Herbert Fernando

Personal information
- Full name: Herbert Innocent Kingsley Fernando
- Born: 4 January 1933 (age 93) Jaffna, Ceylon
- Batting: Right-handed
- Role: Wicket-keeper

Career statistics
| Competition | First-class |
| Matches | 36 |
| Runs scored | 1027 |
| Batting average | 18.67 |
| 100s/50s | 1/3 |
| Top score | 102* |
| Balls bowled | 0 |
| Wickets | – |
| Bowling average | – |
| 5 wickets in innings | – |
| 10 wickets in match | – |
| Best bowling | – |
| Catches/stumpings | 71/29 |
- Source: CricketArchive, 22 February 2017

= Herbert Fernando =

Herbert Innocent Kingsley Fernando (born 4 January 1933) is a former cricketer who was Ceylon's principal wicket-keeper from 1953 to 1970. He was also a doctor and a brigadier in the Sri Lanka Army.

==Life and career==
Born in Jaffna, Herbert Fernando attended St Peter's College, Colombo, where he captained the cricket team in 1951 and 1952 and was schoolboy cricketer of the year in 1952. He went on to the University of Ceylon, graduating as a doctor in 1961.

A wicketkeeper-batsman, he made his first-class debut in the inaugural Gopalan Trophy match in February 1953. A month later he made his international debut for Ceylon in a one-day match against the visiting Australians.
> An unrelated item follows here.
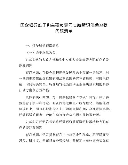 【七哥公文】2026年:国企公司班子和主要负责同志政绩观问题清单各4方面16个问题+更多免费公文+VX:QiGeGongWen2024

He continued to represent Ceylon throughout the 1950s and 1960s. He led the Ceylon team that toured Malaya and Singapore in 1957, and was the chief wicket-keeper in Ceylon's two major tours in the 1960s, to India in 1964-65 and Pakistan in 1966-67. When Ceylon won their first major international victory, against India in Ahmedabad on the 1964-65 tour, he took four catches and three stumpings, as well as scoring 38 not out, the second-top score, in Ceylon's first innings. He scored his only first-class century in the Gopalan Trophy in 1965–66, when he made 102 not out to ensure a draw after the Ceylon team had followed on 255 behind. He compiled over 10000 runs in the highest level of local cricket, and was the top career run scorer in the Sara Trophy period of Ceylon cricket.

He captained the Ceylon team on several occasions and was the national chairman of selectors when Sri Lanka first played Test cricket in 1982. He was one of the selectors who chose him to captain the Ceylon team to tour England in 1968, but the tour was cancelled just before it was due to begin.

Fernando was commissioned in the Army as a captain in 1963 and rose to the rank of brigadier in 1983, when he was Director of Army Medical Services. As the Director of Welfare and Rehabilitation he established the Ranaviru Sevana Centre for veterans at Ragama. He received the decoration O.St.J. in 1993 in recognition of his work in this area.

In September 2018, he was one of 49 former Sri Lankan cricketers felicitated by Sri Lanka Cricket, to honour them for their services before Sri Lanka became a full member of the International Cricket Council (ICC).